Нет, Мы точно придем. Каждая комната – испытание. Лучше закрыть глаза и не видеть. Но вот странно. Я вижу, кажется, любой интерьер. Любую картину и статую. Сквозь темноту. Закрытых глаз. Чувствуя теплоту отцовской руки. Невольно приоткрываю веки. Проверяю. Все точно. Во тьме. Черно-белый рисунок. Вдруг добирает прежние краски. И я опять испуганно. Закрываю глаза. А то иначе. Идти невозможно. Трудней и трудней. Ноги не двигаются. Идут через силу. Будто во сне.
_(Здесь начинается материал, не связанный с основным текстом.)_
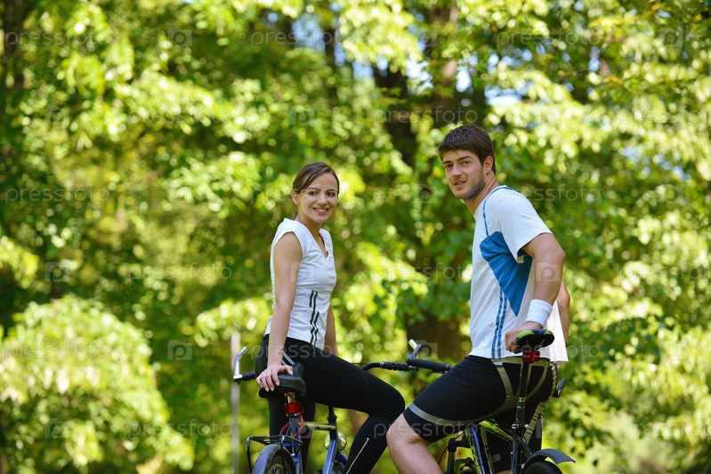 Счастливая пара катается на велосипедах на свежем воздухе

И вот кажется. Я мог бы один. Вспоминая каждую комнату. Продолжить мой путь. Рука отца на плече. Лежит легче и легче. И вот она и совсем пропадает. Исчезает тепло. А я один, совсем один продолжаю идти. И теперь все равно. Зажмурил я веки. Или как можно шире открыл. Все черно-белое. Но это неважно. Краски паркета. Стен. Картин. В памяти. И я сначала называю нужное слово. И тут же. Оно совпадает с тем, что я вижу. И все мгновенно. Быстро. Не замедляя шагов.
Чувствую. Отец мне сжимает плечо. Хорошо. Я знаю, какое у него сейчас выражение. А главное – понимаю, что мне от него не нужно уже никаких объяснений. И я не слушаю, что он мне говорит. Пожатие крепко. А голос его. Перекрывается шумом всех, кто идет. И туда, и оттуда. Они молчат. Но шум шагов и движений. Поглощает мои шаги. Папа шепчет, чтобы никто не мог его услыхать. Только я один. А я иду и не слышу.
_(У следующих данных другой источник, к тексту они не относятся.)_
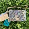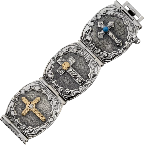 Six hand engraved, uniquely designed sterling crosses adorn a hinged barrel-concho style bracelet. Each cross is set on an oxidized sterling background. The diameter of the bracelet, when clasped, is 7 3/4″.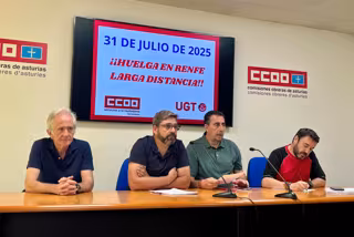 El responsable ferroviario de UGT, Francisco Barros, ha asegurado que los sindicatos llevan "dos años reclamando a la empresa que mantenga las cargas de trabajo históricas de Asturias" y ha advertido de que, si no se refuerza la plantilla, la situación empeorará con las jubilaciones previstas. "Es lamentable tener que llegar a una huelga, pero la empresa no ha dado respuesta a nuestras peticiones", ha señalado.

Но понемногу шум утихает. И шепот отца для меня становится внятен. Пальцы его руки ритмично, после каждого шага все крепче и крепче мне сжимают плечо. И по этим пожатьям я могу сообразить, о чем его шепот. Пожатие вместо слов, чтобы я точнее мог догадаться. И услышать. И знать, что все точно и верно. И что когда-нибудь я повторю. Себе. Эти слова.
Мы возвращаемся. Но идем кружными путями. И вот уже близко зал, где стоит мольберт и ожидает картина. Вдруг пожатие. И мы сворачиваем. По другому пути. И опять Возрождение. Ботичелли. Два маленьких цветных квадратика на левой стене…Отец проверяет глазами. Смотрит кто или нет. Никто не смотрит. Пустая стена. И мы вдвоем подходим.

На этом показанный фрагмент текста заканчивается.